Physical symptoms may become more acute (stomach disorders, headaches, sleeplessness). Have a check-up. Insufficient sleep plagues many bereaved. It may be helpful to give up all caffeine and alcohol. Physical exercise helps you to relax and makes you sleepy. Check frequently that you have balance in your life: work, recreation (including exercise, hobbies, reading), adequate rest, and prayer. Don't be alarmed if depression reenters your life or appears for the first time. Depression is normal and its recurrence is also normal. Our grief may seem "out of control." We may feel as if we are "going crazy." This is common to bereaved people. It is important to realize grief work takes time. Much more time than we think it should. Be patient with yourself.
WHY??? If the "Why" is bothering you, ask it again and again until you can come to terms with it. You may never know why. It may remain a mystery that you choose to let go. When you can, concentrate on your choice to get better. |
Be aware of becoming critical of yourself, either consciously or unconsciously, due to unrealistic expectations. A different level of reality may hit you. We usually no longer deny the death, but now face the reality and its long term implications. It may be the time to struggle with new life patterns.

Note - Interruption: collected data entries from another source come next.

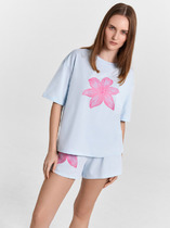 Халат молодежный из кулирки с яркой окантовкой. Застежка на молнию, короткий рукав, карманы, капюшон, в боковых швах поясок,  на полочке сверху пришивная аппликация.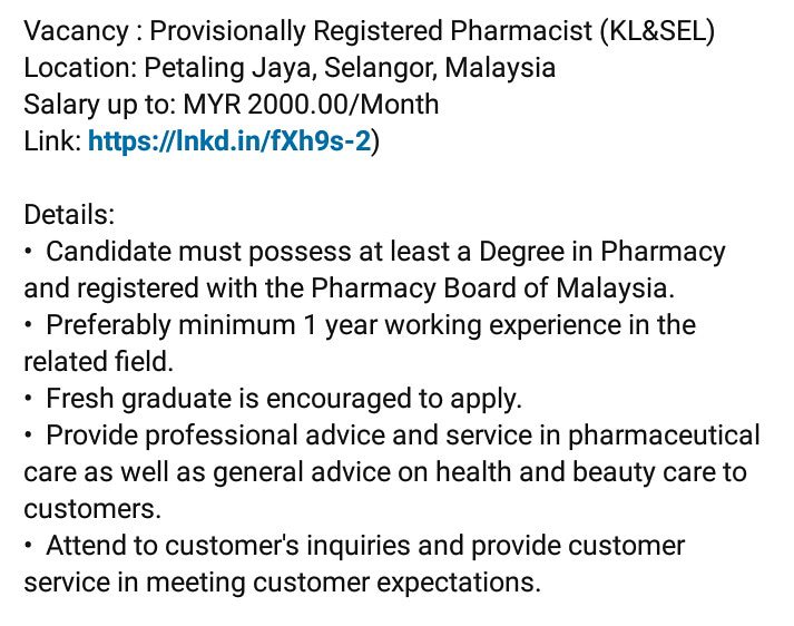 Jobcart On Twitter Vacancy Provisionally Registered Pharmacist Kl Sel Location Petaling Jaya Selangor Malaysia Salary Up To Myr 2000 00 Month Link Https T Co Uoomjespaz Jobcart Pharmacist Pharmacy Customerservice Vacancies Jobopening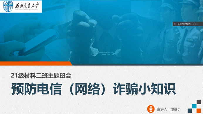 最后,bevictor伟德官网本科2021级13个班级按要求召开《安全教育主题班会——预防电信诈骗》,传达班团例会会议内容,重点普及网络诈骗相关知识,以身边的真实案例,提醒同学们要时刻防范网络电信诈骗。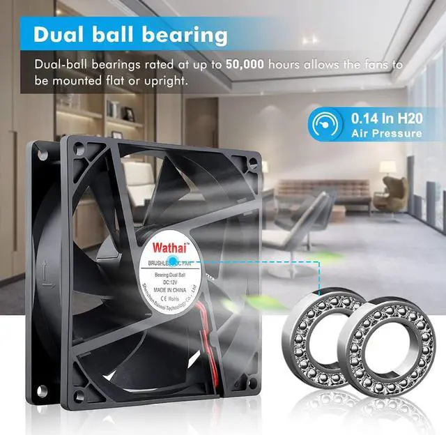 Dual Ball Long-lasting have a lifespan of 50, 000 hours and allows the fans to be laid flat or stand upright. For Cooling a Coleman thermoelectric cooler, Replacing OEM fans on a travel trailer.

We may have handled the grief by overactivity (workaholic, etc.) If our previous style of grieving has not been helpful, we must be willing to try new approaches, such as becoming more active in a support group; finding telephone friends; reading about grief; developing coping skills; becoming determined not to become or remain stuck in our grief; doing our grief work; holding on to hope. It is vital to find a friend with whom you can talk.
You may or may not cry as often as you did at first, but when you do, realize it is therapeutic. Don't fight the tears. As author Jean G. Jones says in Time Out for Grief, "Cry when you have to-laugh when you can." We often hear "Time will heal." Yes, time does soften the hurt a bit, but mainly it is what we do with time: read, talk, struggle with the phases, get help when we become stuck in a phase, be gentle with ourselves, lower our expectations, build a pleasant time with family and friends, pray.